- _Data block_:
%%
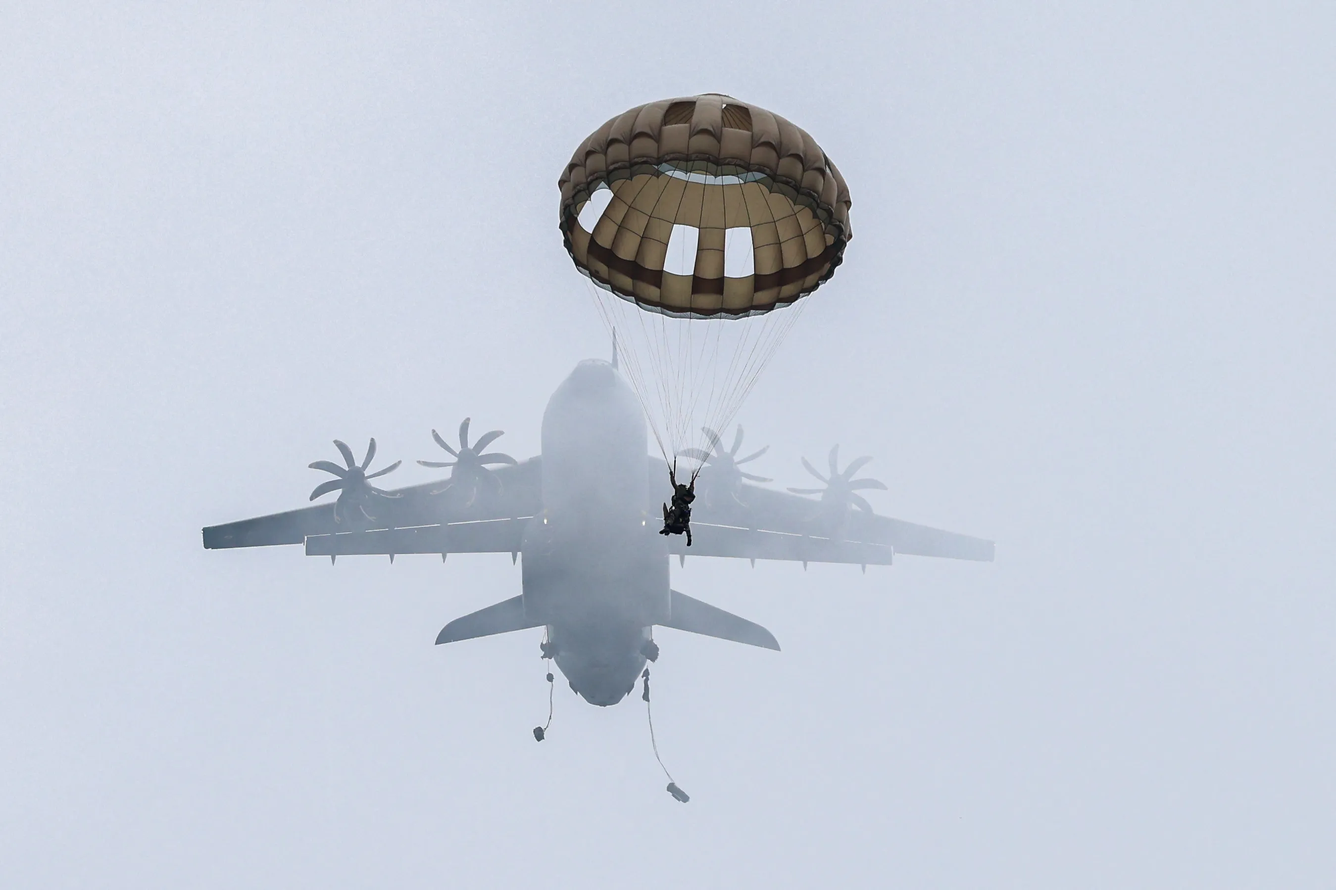 A French paratrooper parachutes from a A400M aircraft during a large-scale military drill called “Orion” in Castres, southwestern France, on February 25, 2023. (Photo by Charly Triballeau/AFP Photo)
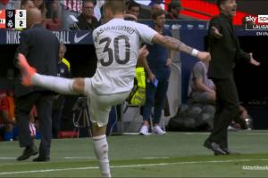 終場前,馬斯坦托諾被斷球后反搶拉人犯規(guī),往回走的馬斯坦托諾被場外來球砸中,隨后他一腳爆射將球踢回場邊,引發(fā)馬競球員和球迷的不滿,雙方在最后時刻爆發(fā)沖突,主裁判也當(dāng)即向馬斯坦托諾出示黃牌予以警告。
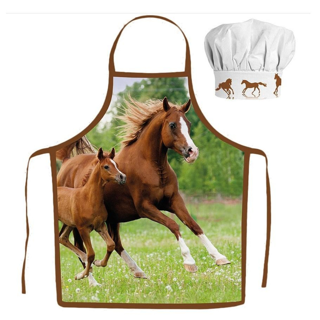 Kuchařský set s motivem Koně. Obsahuje zástěru na vaření a čepici. Věkově 3 - 8 let. Zástěra 42 x 51 cm. Oficiální licence.
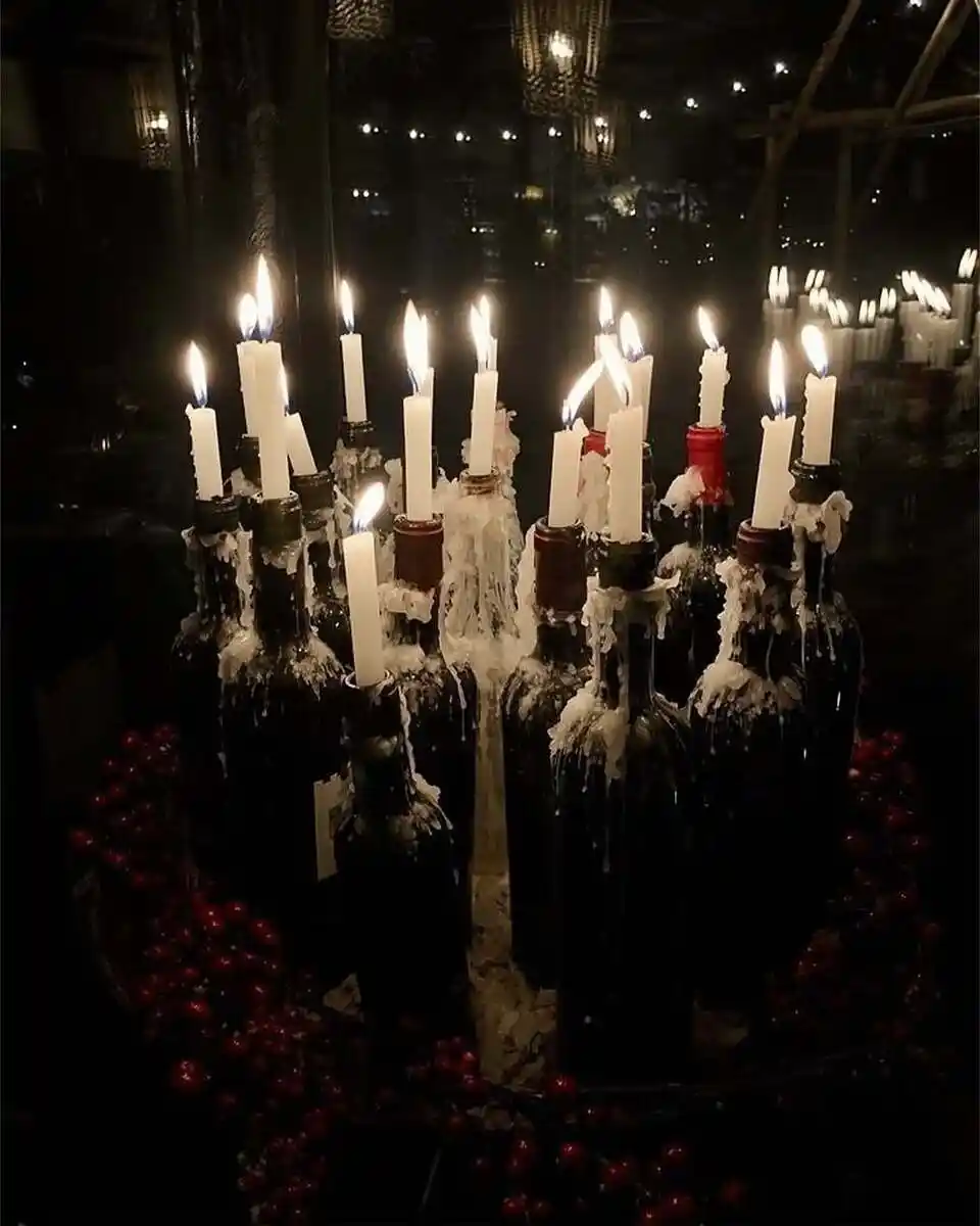 Save a dozen old wine bottles, cluster them into a ring, and fit slender tapers on top. Let the wax drip like crazy. The result is a dramatic altar that throws a medieval glow across your dining room. A ring of dark berries at the base hints at potion ingredients.
%%
- _Exercise brief_:
Pictures in the data above should not be copied; transcribe everything else exactly.

- _Written answer_:
 A French paratrooper parachutes from a A400M aircraft during a large-scale military drill called “Orion” in Castres, southwestern France, on February 25, 2023. (Photo by Charly Triballeau/AFP Photo)
 終場前,馬斯坦托諾被斷球后反搶拉人犯規(guī),往回走的馬斯坦托諾被場外來球砸中,隨后他一腳爆射將球踢回場邊,引發(fā)馬競球員和球迷的不滿,雙方在最后時刻爆發(fā)沖突,主裁判也當(dāng)即向馬斯坦托諾出示黃牌予以警告。
 Kuchařský set s motivem Koně. Obsahuje zástěru na vaření a čepici. Věkově 3 - 8 let. Zástěra 42 x 51 cm. Oficiální licence.
 Save a dozen old wine bottles, cluster them into a ring, and fit slender tapers on top. Let the wax drip like crazy. The result is a dramatic altar that throws a medieval glow across your dining room. A ring of dark berries at the base hints at potion ingredients.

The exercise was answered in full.